Our Love is not the first time Snaith and Pallett
have collaborated;
two tracks by Daphni surfaced this summer hinted at how well
the two work together. They have long been mutual admirers; Pallett covered
Caribou’s “Odessa” live (a song Sarah
Harmer also recently reinvented). I emailed Snaith to get background
quotes for a
Pallett profile I wrote earlier this year; I didn’t end up using them, but
here’s some background on their relationship.
Dan
Snaith
April
21, 2014
How
did this new single come about?
I've been
friends with Owen for a long time and always loved his music and could hear his
unique talents in everything he did. He was always someone I wanted to work
with. When I was in Toronto over Christmas a couple of years back I rented a
studio for a few days and on different days I had different friends come in to
work on recording something from scratch or from very basic loops that I'd
started working on. Owen liked the drum loop from “Julia” and added the violin
riff and we talked through and recorded other elements and ideas that formed
the basis of the track. The final track was assembled later by sending parts
back and forth. I started playing “Julia” in DJ sets a while ago and it always
kicked off when I played it so I kept pestering Owen—who is a very busy
man—about finishing another track to accompany “Julia.” “Tiberius” came
together recently and very quickly based on discussing a few ideas over email
and then sending parts back and forth.
Owen
has a reputation for being a perfectionist, and someone whose music is often
elaborate and meticulously planned. What did he bring to this session?
Owen is
wonderful at saying what he thinks without reservation but equally wonderful,
in my experience, at accepting other peoples' opinions and not needing to be in
control of every decision. The music he makes sounds like the work of a
perfectionist in that it's so meticulous and, well, perfectly realized, but I
think he's a wonderful and natural collaborator—which is not the hallmark of a
perfectionist at all.

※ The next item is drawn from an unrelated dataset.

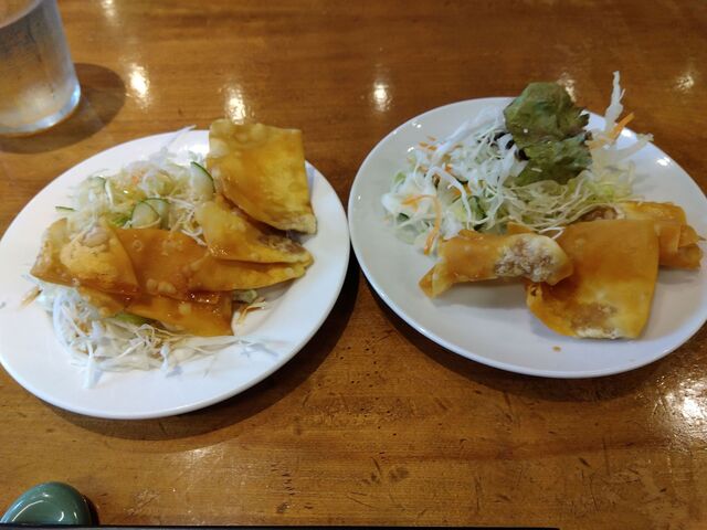 セルフ式のサラダ?も揚げワンタンもあって十分(なくなることもあります)

Working with him was a genuine pleasure, not just because
of the music we made but also because the process: the discussion, the laughs,
his insights into various musical things. That was a lot of fun and not at all like
work.
Isn’t
Daphni supposed to be you by yourself making one track a day before you go out
for a DJ set?
Yes, that
was the original impetus and still pretty much the case with these tracks.

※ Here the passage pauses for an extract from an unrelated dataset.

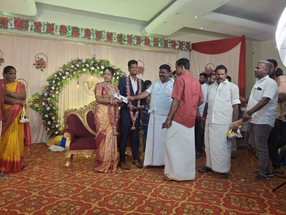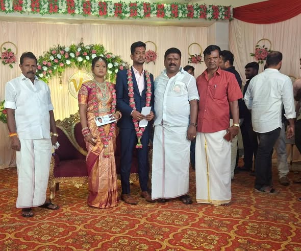 On 21 November 2024, an engagement ceremony was held at Singapore TVS Mahal, Pudukkottai. The occasion was marked by warm wishes and blessings extended to the couple on their special day. Dr. Ln. R. V. Palanivelu, B.Sc., District Secretary, Pudukkottai North District MGR Youth Wing, participated in the ceremony and conveyed his heartfelt congratulations, making the moment a joyful and memorable one.

Despite the fact that they were recorded a couple years apart, they each were
recorded quite quickly: lots of fast arranging and live effects processing,
etc. That's the thing that tends to happen quickly with the Daphni stuff: not
necessarily coming up with the central motifs but the process of arranging the structure
of the whole song tends to happen quickly so I can feel the excitement of the
tension building in almost real time.
What
was your reaction to his cover of Caribou’s “Odessa”?
I was
really flattered. I saw it on YouTube before I got to see Owen play it live.
Honestly, I thought he'd improved it! There were several ideas in his version
that if I'd heard them earlier I would have stolen for the recorded version!
Why do
you think so many people from different genres want to work with him?
I'm
pretty sure everyone who hears Owen's music is immediately struck by his unique
vision and capabilities. I first met Owen in 2002 (I think?) on the Exclaim!
tour when I was playing as Manitoba with a laptop and he was playing with the
Hidden Cameras. Then I sublet a room in his house at one point when I was
rehearsing in Toronto. I knew of him as being a talented arranger and violinist
but it wasn't until I heard his solo music that I really appreciated just how
scarily talented he is. Well, also when he annihilated me at Scrabble at a
party on one occasion.
Any
plans for future collaborations?
I am
sworn to secrecy on the particulars of my future.